*DATA PROVIDED:*
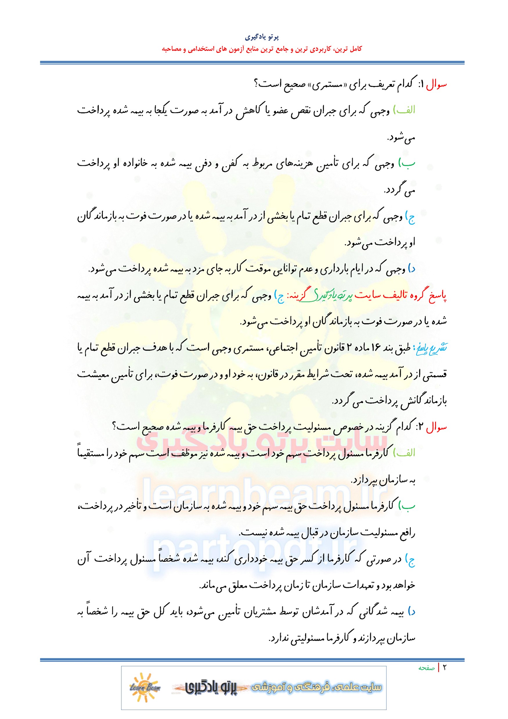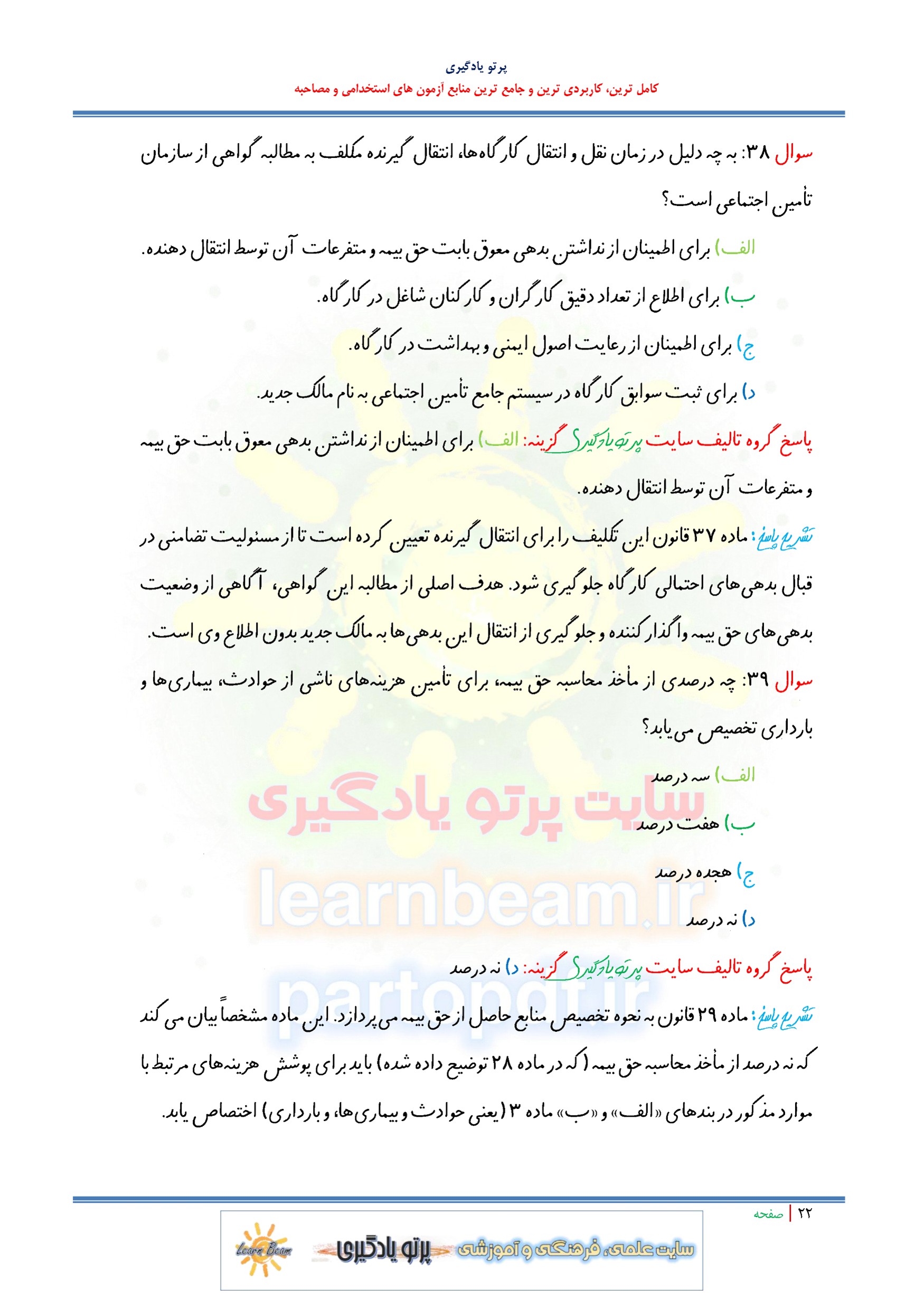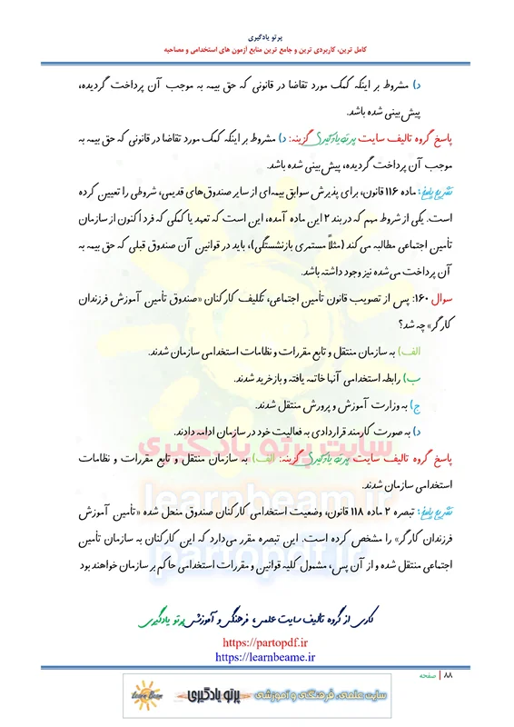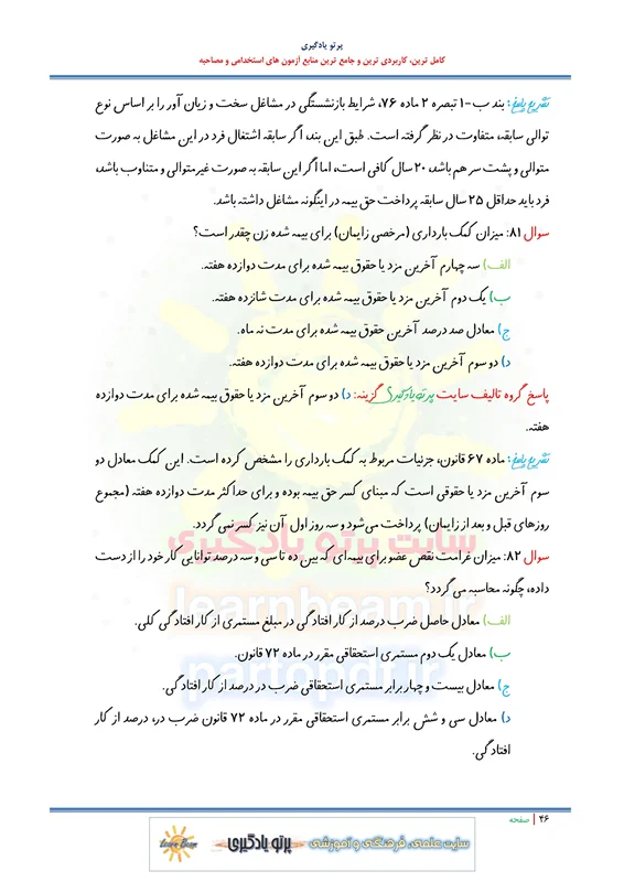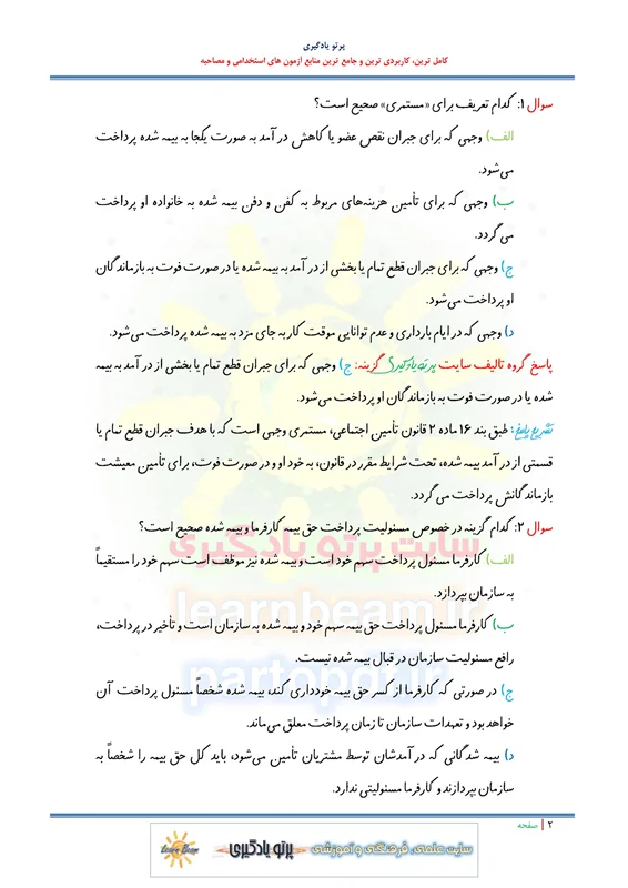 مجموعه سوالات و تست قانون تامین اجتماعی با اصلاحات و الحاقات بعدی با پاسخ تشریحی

--

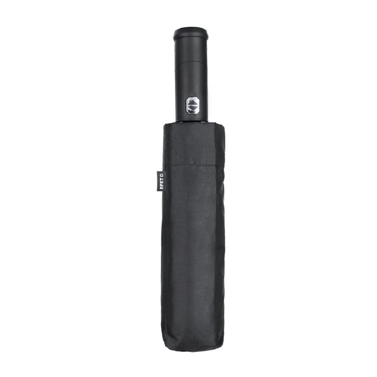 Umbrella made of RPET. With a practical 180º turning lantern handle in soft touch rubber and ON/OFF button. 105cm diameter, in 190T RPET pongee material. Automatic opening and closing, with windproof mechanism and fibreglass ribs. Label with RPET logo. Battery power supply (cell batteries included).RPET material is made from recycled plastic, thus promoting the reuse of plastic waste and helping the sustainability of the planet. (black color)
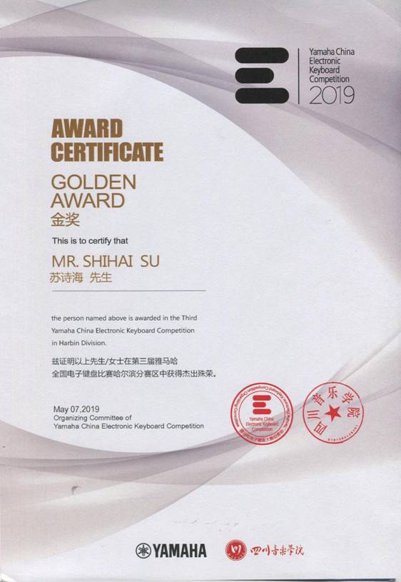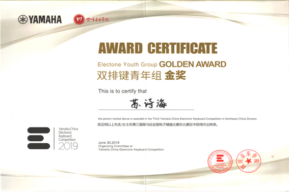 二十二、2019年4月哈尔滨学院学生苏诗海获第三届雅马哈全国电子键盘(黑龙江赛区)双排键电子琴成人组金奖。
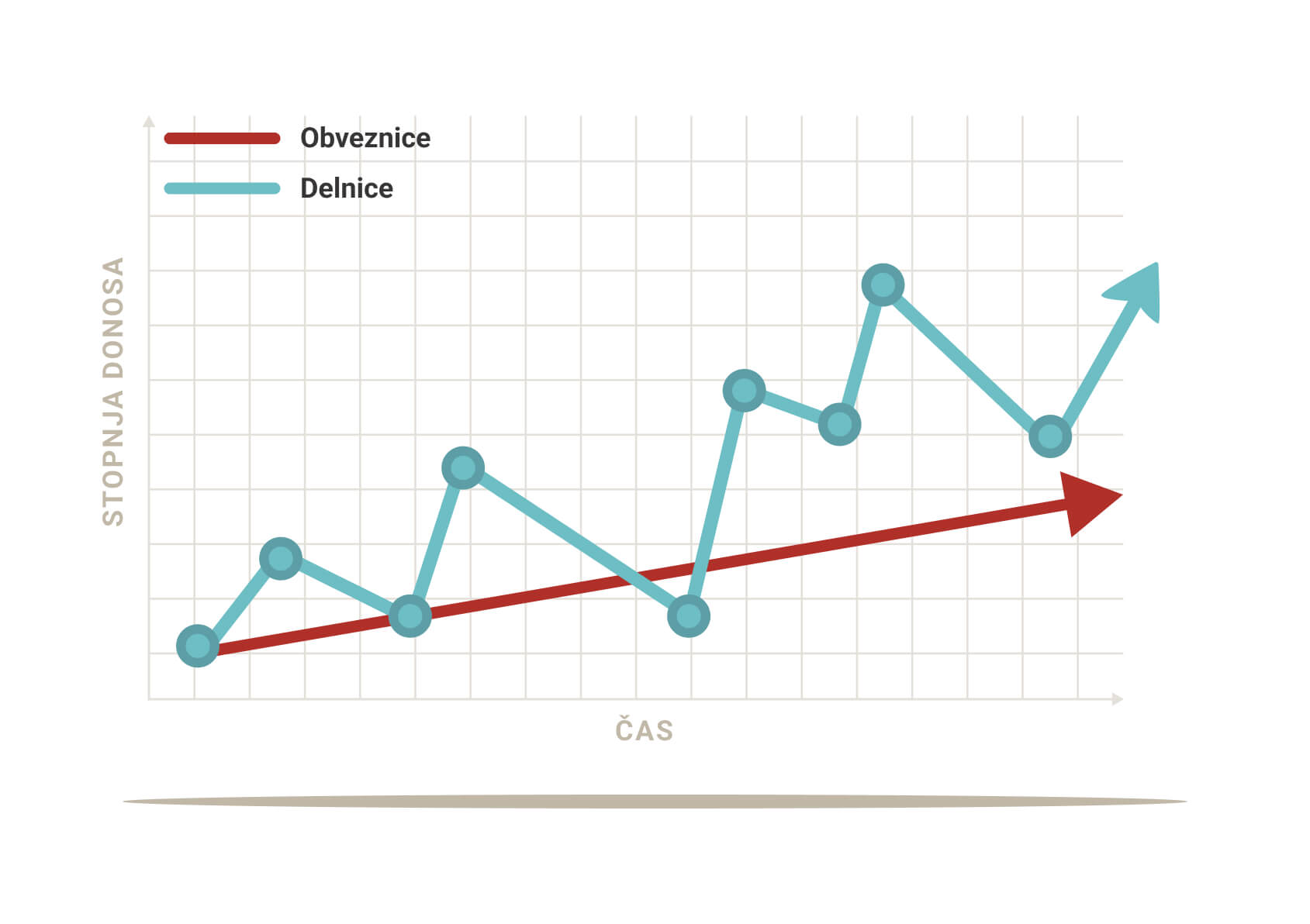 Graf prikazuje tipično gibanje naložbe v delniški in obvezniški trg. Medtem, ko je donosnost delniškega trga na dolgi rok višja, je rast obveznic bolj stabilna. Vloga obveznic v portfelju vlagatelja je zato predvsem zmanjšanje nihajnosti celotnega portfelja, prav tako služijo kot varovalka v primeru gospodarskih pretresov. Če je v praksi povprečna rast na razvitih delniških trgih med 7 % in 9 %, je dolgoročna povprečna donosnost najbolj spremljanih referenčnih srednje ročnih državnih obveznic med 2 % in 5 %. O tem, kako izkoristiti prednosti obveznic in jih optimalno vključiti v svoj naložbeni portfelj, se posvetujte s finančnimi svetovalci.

*YOUR ASSIGNMENT:* From the data above, retype only the lines starting with the line with "Umbrella made of" and going on through the line with "二十二、2019年4月哈尔滨", exactly, leaving out the pictures.

*OUTPUT:*
 Umbrella made of RPET. With a practical 180º turning lantern handle in soft touch rubber and ON/OFF button. 105cm diameter, in 190T RPET pongee material. Automatic opening and closing, with windproof mechanism and fibreglass ribs. Label with RPET logo. Battery power supply (cell batteries included).RPET material is made from recycled plastic, thus promoting the reuse of plastic waste and helping the sustainability of the planet. (black color)
 二十二、2019年4月哈尔滨学院学生苏诗海获第三届雅马哈全国电子键盘(黑龙江赛区)双排键电子琴成人组金奖。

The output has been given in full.